**Your instructions**: Omit the pictures and return exactly the stretch of the material below from the line with "Wodospad, Kobieta, Drzewa, Mech na Komórkę" through the line with "招聘博覽會開幕禮於今(8)日".
** Provided entries follows **
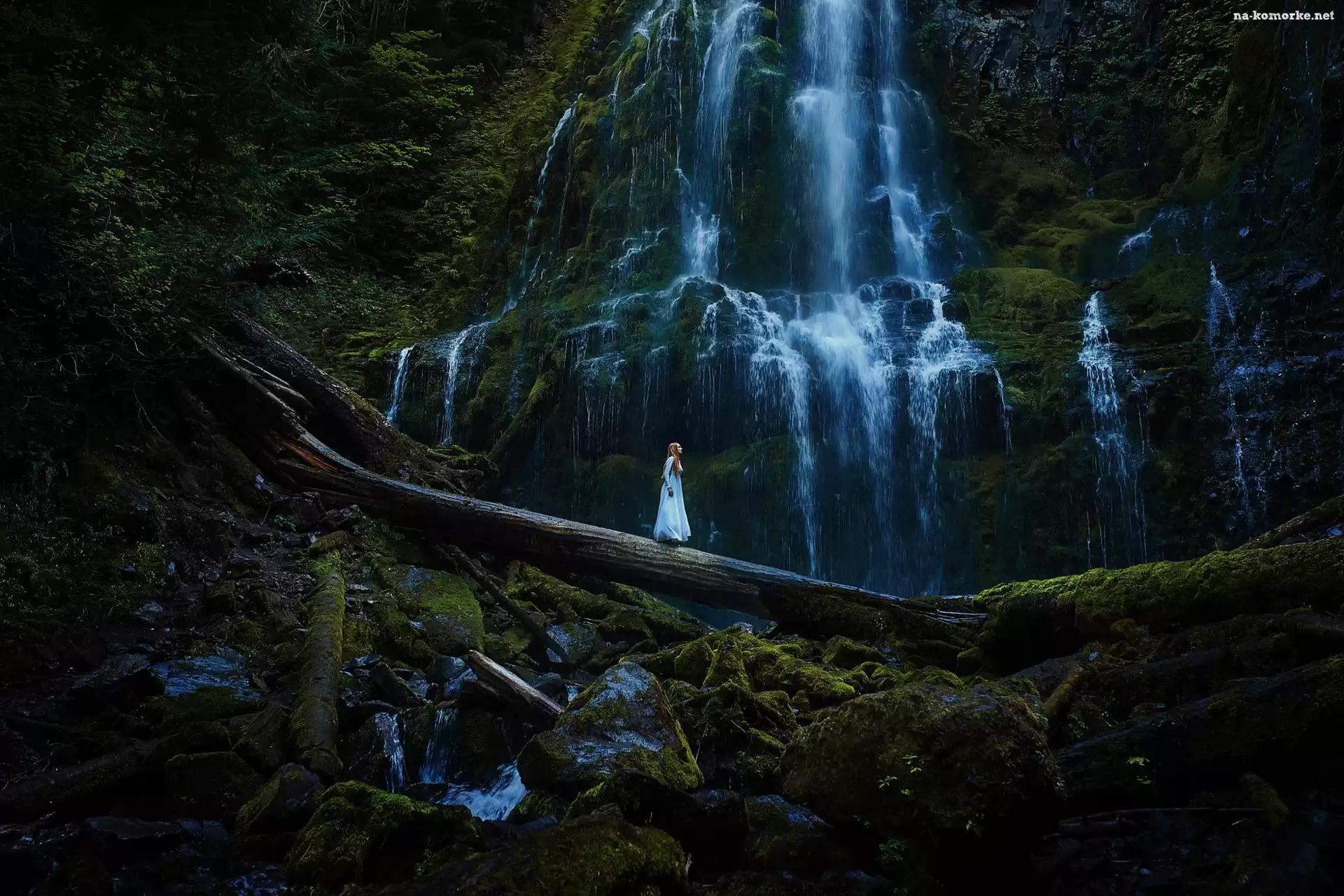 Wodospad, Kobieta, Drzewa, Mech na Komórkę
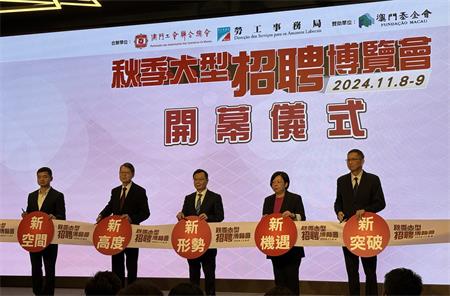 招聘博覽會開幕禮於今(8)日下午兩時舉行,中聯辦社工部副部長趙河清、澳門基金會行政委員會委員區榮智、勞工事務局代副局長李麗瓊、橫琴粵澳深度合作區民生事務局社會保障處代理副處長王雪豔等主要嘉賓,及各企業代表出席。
** End of Provided entries **
** Provided entries follows **
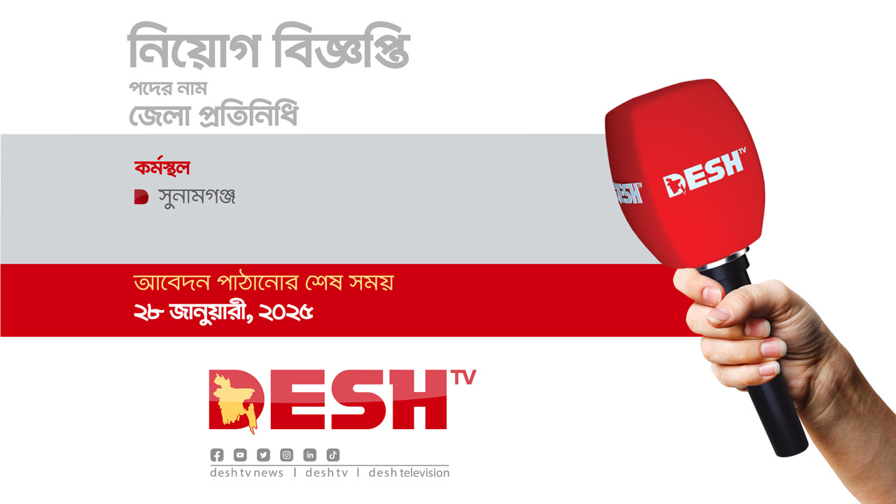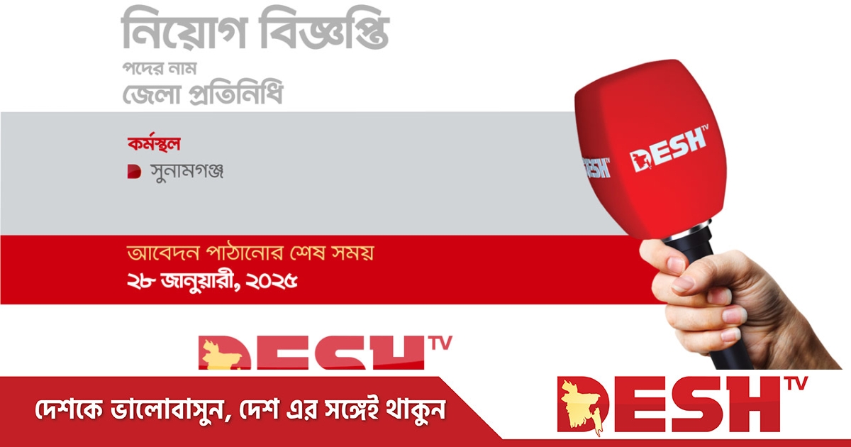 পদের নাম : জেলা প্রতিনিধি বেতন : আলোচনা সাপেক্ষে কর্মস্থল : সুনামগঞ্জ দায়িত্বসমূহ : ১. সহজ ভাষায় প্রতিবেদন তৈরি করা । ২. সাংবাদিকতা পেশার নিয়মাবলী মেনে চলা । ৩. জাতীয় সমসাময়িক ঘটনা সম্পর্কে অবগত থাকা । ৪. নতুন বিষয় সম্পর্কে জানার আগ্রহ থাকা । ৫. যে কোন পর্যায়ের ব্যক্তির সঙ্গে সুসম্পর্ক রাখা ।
** End of Provided entries **
** Provided entries follows **
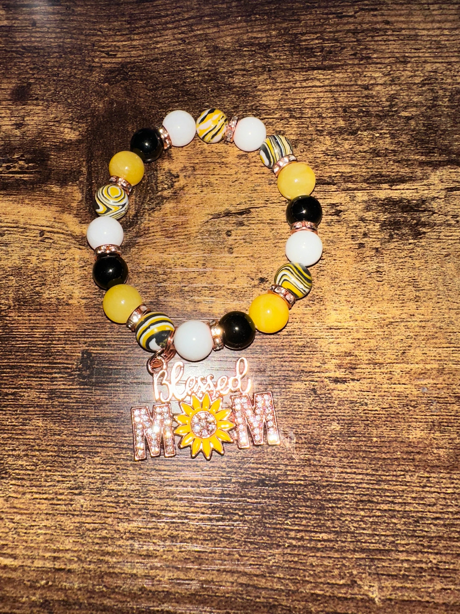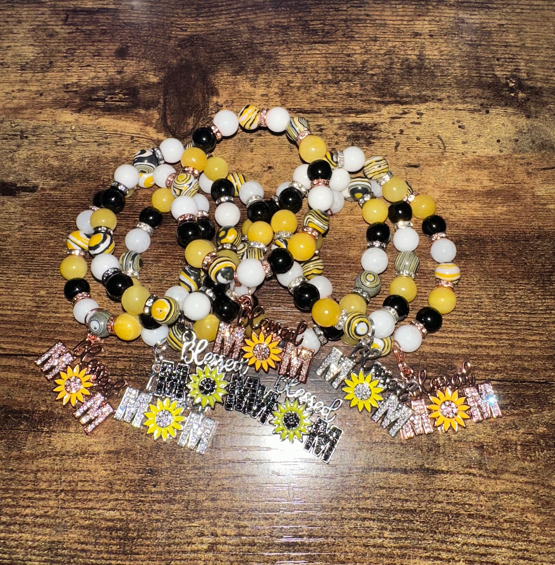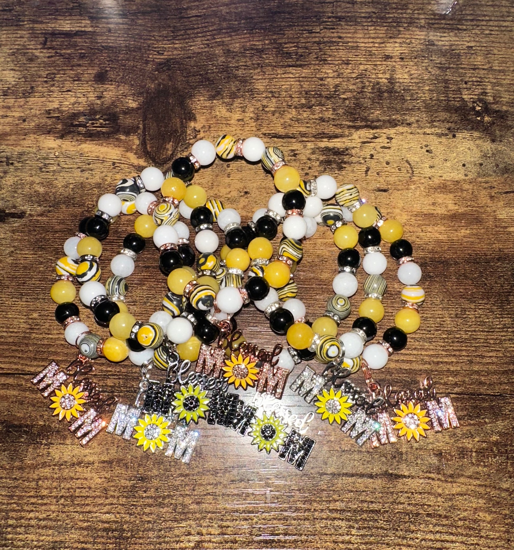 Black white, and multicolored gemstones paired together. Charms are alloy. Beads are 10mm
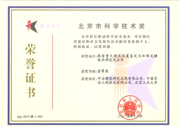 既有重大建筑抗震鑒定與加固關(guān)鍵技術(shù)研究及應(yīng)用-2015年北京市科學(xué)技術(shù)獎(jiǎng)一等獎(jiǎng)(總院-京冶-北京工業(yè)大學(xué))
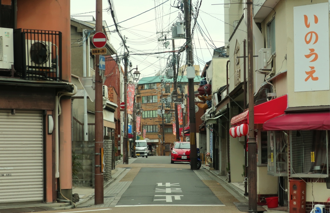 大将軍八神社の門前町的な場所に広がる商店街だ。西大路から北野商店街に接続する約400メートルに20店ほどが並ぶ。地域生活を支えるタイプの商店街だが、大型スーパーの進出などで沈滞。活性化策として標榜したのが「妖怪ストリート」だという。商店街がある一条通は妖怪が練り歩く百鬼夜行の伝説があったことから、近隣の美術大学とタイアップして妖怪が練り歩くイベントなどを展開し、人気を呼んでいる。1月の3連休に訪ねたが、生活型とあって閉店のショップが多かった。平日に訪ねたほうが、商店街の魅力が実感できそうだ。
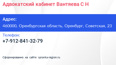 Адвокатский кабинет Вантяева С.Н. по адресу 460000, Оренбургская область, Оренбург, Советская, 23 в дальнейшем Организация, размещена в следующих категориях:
** End of Provided entries **
**Task solution**:
 Wodospad, Kobieta, Drzewa, Mech na Komórkę
 招聘博覽會開幕禮於今(8)日下午兩時舉行,中聯辦社工部副部長趙河清、澳門基金會行政委員會委員區榮智、勞工事務局代副局長李麗瓊、橫琴粵澳深度合作區民生事務局社會保障處代理副處長王雪豔等主要嘉賓,及各企業代表出席。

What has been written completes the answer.